━━━ Records for the task

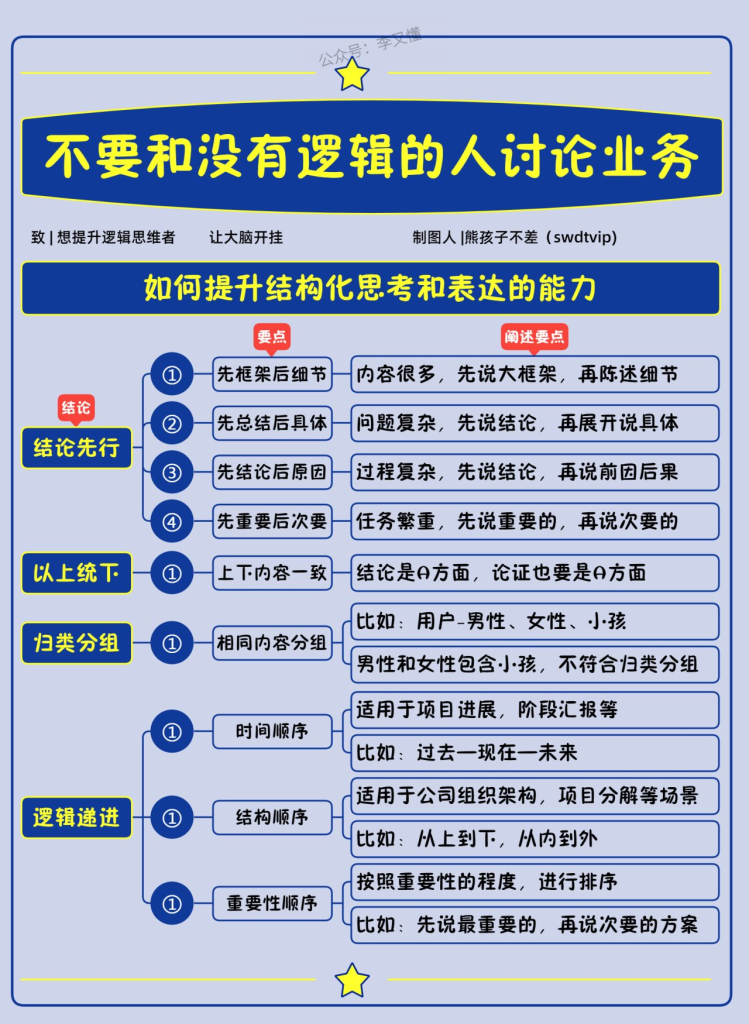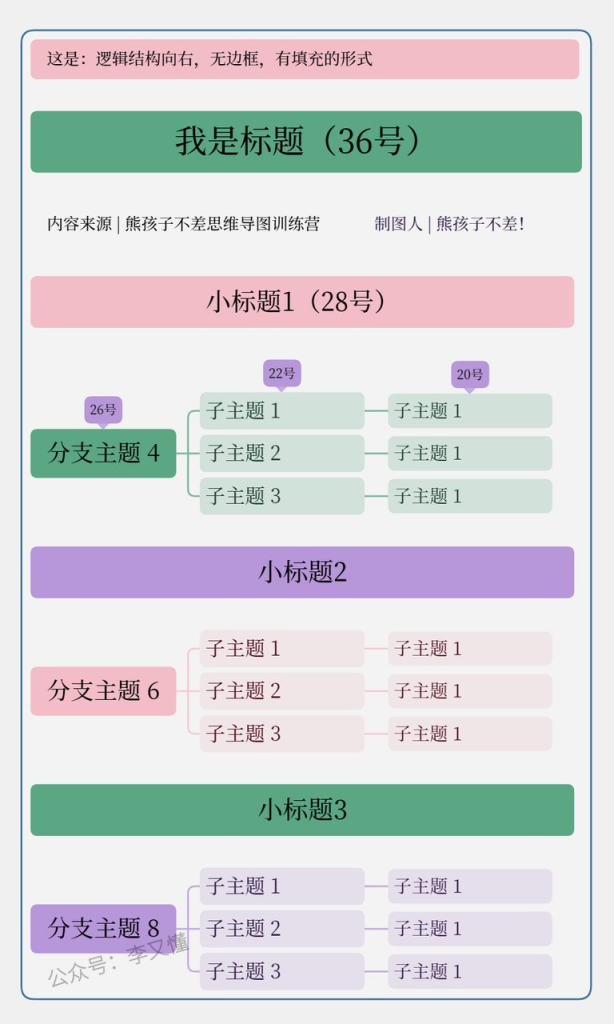 应用案例 我们在做竖屏思维导图的时候几乎 80% 的场景都适合用逻辑图结构做竖屏思维导图,属于我们最常用的方法。 这里我给大家展示几个案例哈: 样版展示: 实操演示 逻辑图做竖屏思维导图可以参考咱们前面的视频和图文。 查看网盘资料课程:3.1.2 制作一个极简竖屏思维导图
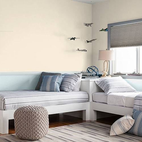 Ce jaune dynamique projette beaucoup d’énergie. Utilisez-le sur un mur accent avec un jaune plus pâle pour les autres murs.
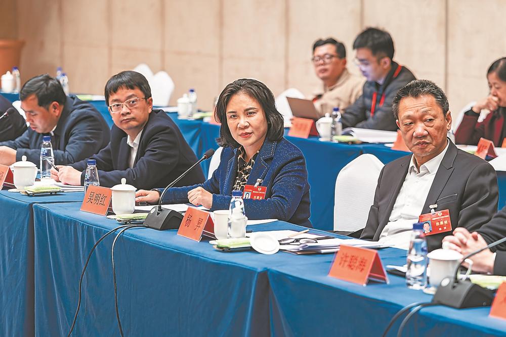 13日,省人大代表就如何通过共建研发平台、共享创新资源等方式,促进科技创新成果向现实生产力转化发表自己的建议。(记者 游庆辉 摄)
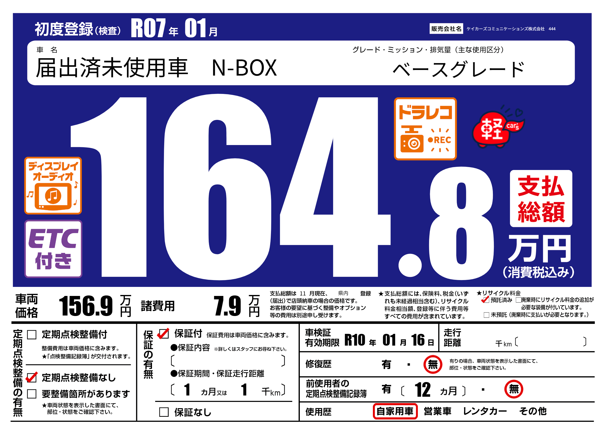 | 走行キロ | - | 初年度登録 | R07年01月 |
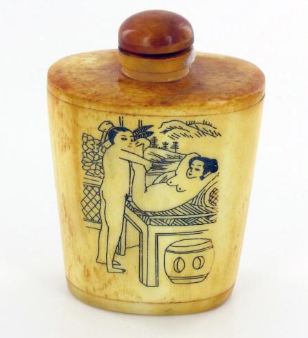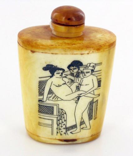 Excellent hand-carved images on bone piece; 3"
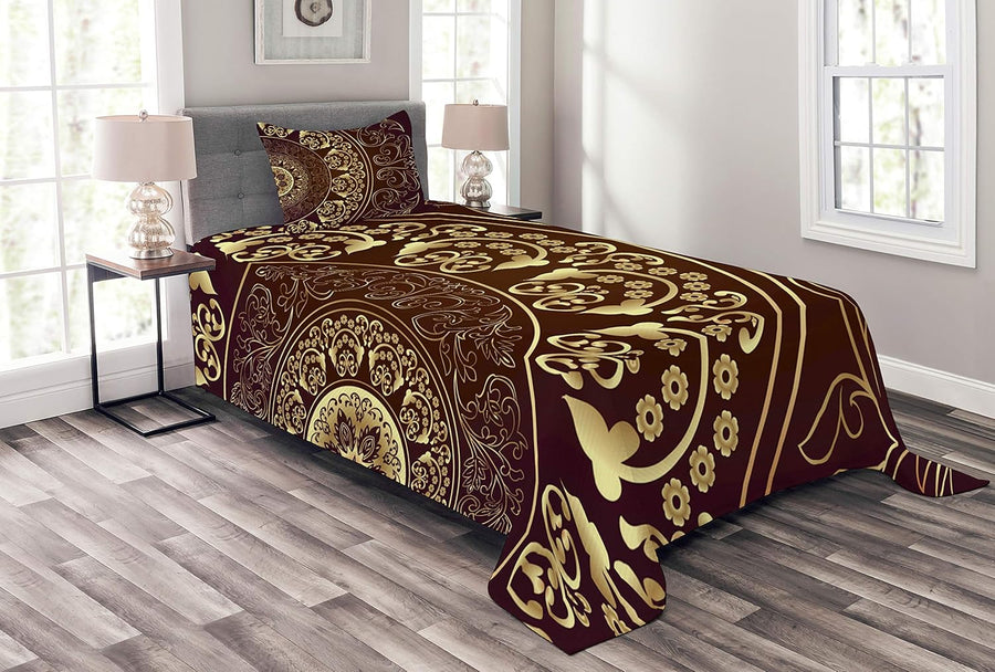 ABAKUHAUS Mandala Tagesdecke Set, Vintage Ethnische Asian, Set mit Kissenbezug Sommerdecke, für Einz
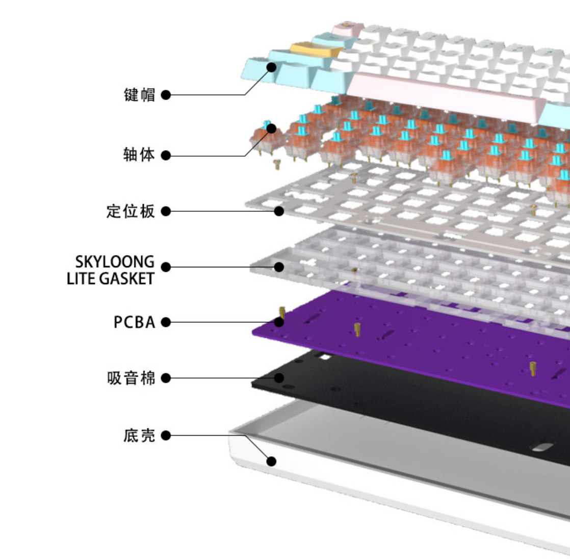 小呆虫这把键盘使用了GASKET结构,最早是在键盘客制化圈子里小范围使用的,现在被发扬光大到量产产品上了。
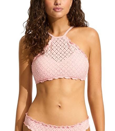 Seafolly Women’s Standard High Neck Tank Bikini Top Swimsuit, Daydreamer Dusty Pink
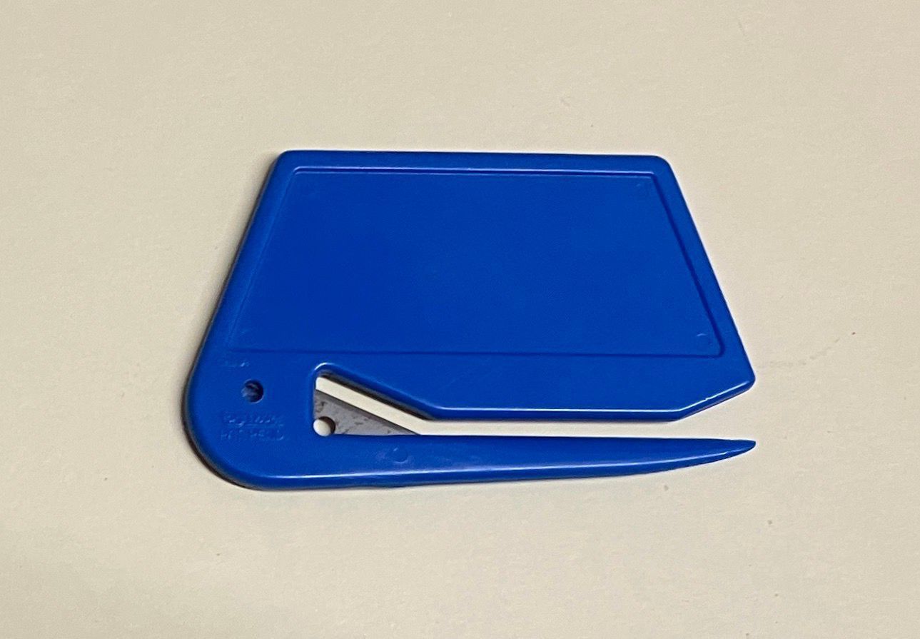 Trapezoid shaped blue plastic tool with arm and blade at bottom, silver printing.
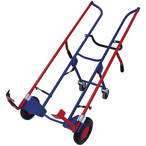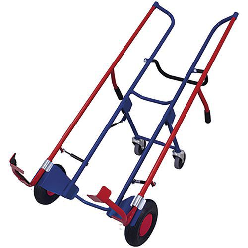 Gumiabroncstartó támasztó kerekekkel. Formázott tengely és emelőkaros emelőrendszer. 540 - 820 mm átmérőjű gumiabroncsokhoz. A fogantyú felülete puha műanyaggal van bevonva. Gumiabroncs rögzítés rugóval. Gumiabroncsok acélfelnire vagy tömörgumi kerekek műanyag felnire, precíziós golyóscsapágyakkal és műanyag kerékburkolattal. Keret felületkezelés porfestékkel RAL skála szerint. Ütés- és karcálló.
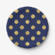 Elegant Gold Foil Polka Dot Pattern - Gold & Blue Paper Plate
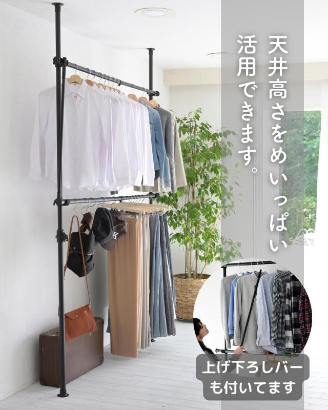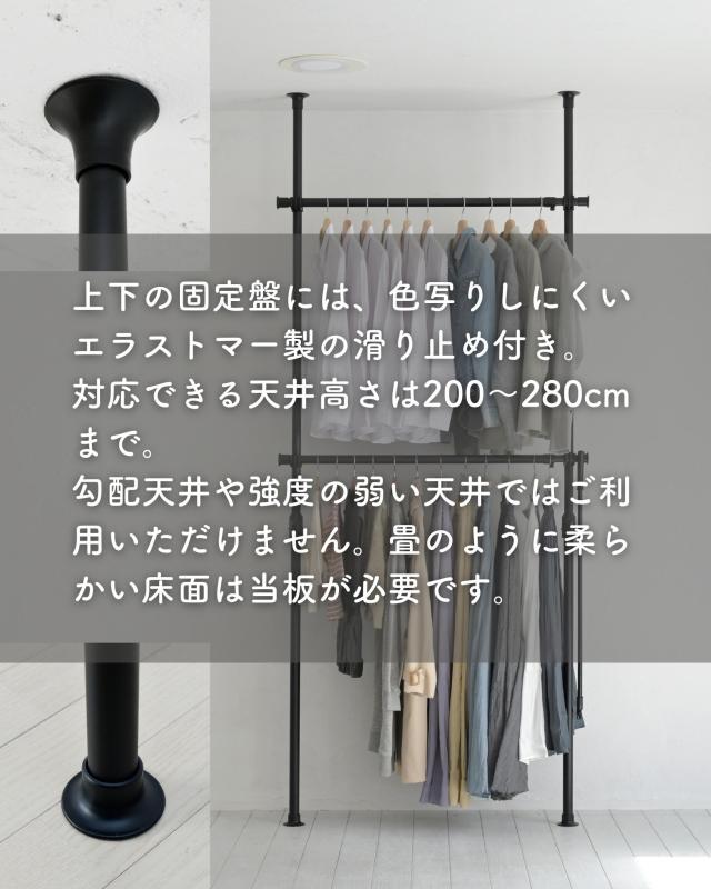 | 商品説明 | ※2025年1月27日より、グレージュ(ツヤなし)が追加されました。 ※2019年1月7日より、カラーバリエーションが増えました。つやのないマットなタイプが仲間入り。 【取り付け時の注意事項】 ※柔らかい床面や強度の弱い天井へは設置ができません。 ※勾配天井は対応できません。 ●最大80着、2段式の大容量ハンガーラック ●設置場所を柔軟に選べる突っ張り固定式、スプリング圧縮式で安定性バツグン ●最大高さ280cmまで設置可能 ●横幅伸縮、ハンガーバーの高さもお好みで設定可能 ●引っかけ棒付属で、高い上段でもラクラク出し入れ ●シャツ収納目安: 80着(1段あたり40着) ●全体耐荷重: 60kg(1段あたり30kg) ●設置は工具不要でラクラク ●実用新案取得のワンタッチ突っ張り構造 ●ハンガーバー高さ: 110-270cm ●設置天井高さ: 200-280、140-188cm ※188-200cmの天井には設置できません。 支柱の一部が2本のパイプを連結する仕様です。 上部ポールを連結する/しないの間で生じる、設置ができないすきまゾーンがございますので以下の高さに設置可能です ■連結する場合(通常の使用方法) 高さ: 200-280cm ■連結しない場合(部品を一部使わず短く設置)高さ: 140-188cm その為、188-200cmの高さでは設置ができない作りとなっております。 |

━━━━━━

> [Instructions to follow] From the data above, retype only the lines starting with the line with "ABAKUHAUS Mandala Tagesdecke" and going on through the line with "Seafolly Women’s Standard", exactly, leaving out the pictures.

> [Answer for the task]
 ABAKUHAUS Mandala Tagesdecke Set, Vintage Ethnische Asian, Set mit Kissenbezug Sommerdecke, für Einz
 小呆虫这把键盘使用了GASKET结构,最早是在键盘客制化圈子里小范围使用的,现在被发扬光大到量产产品上了。
 Seafolly Women’s Standard High Neck Tank Bikini Top Swimsuit, Daydreamer Dusty Pink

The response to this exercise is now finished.